I haven’t been in my home country for a year but now that I’m back, I feel like a foreigner and a tourist, it’s very exciting. This is reverse culture shock
“The most provocative, intense and rewarding part of travel is culture shock and with the right mindset, it can be an engagingly thrilling ride.” -John Cain
I’ve been vagabonding and traveling the world non-stop for 4 1/2 years and this is only the 3rd time I’ve been back to the United States. However, at 11 1/2 months, it’s the longest between visits since I started my journey.
“Home is where I put my backpack down.”
That’s a quote I wrote 3 years ago, a time when my world travel and global culture experience was still far more comprehensive than the average person.
And now, even after so much more time and exploration, I still get culture shocked every now and then…

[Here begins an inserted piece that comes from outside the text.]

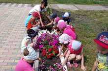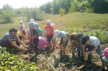 Җәй ахыры җитте исә, бакчада эшләр башлана.Зурлар төркеме балалары белән, яшелчә бакчасына чыгып апаларга суган җыюда булыштык. Кешенең табигатькә катнашы турында әңгәмә дә үткәрдек.

But after arriving in New York after a 13 hour flight from Tokyo, I feel out of place, no, more like displaced.
Sure, the long ass flight across literally half of the world along with severe jet-lag made me more susceptible to reverse culture shock, but it first hit me just after landing at LaGuardia International Airport.
I gather this happened for 2 simple reasons; everything was in English and so many white people everywhere.
Those 2 things triggered my “reverse culture shock” because I’ve spent the past year in Asia, where English is rare and white people, rarer. Now mind you, I’m a born and bred American, a New Yorker to be exact.
It was actually quite exciting, to get this feeling in my own country. But I didn’t like the shock of remembering how every is so much more expensive in the States.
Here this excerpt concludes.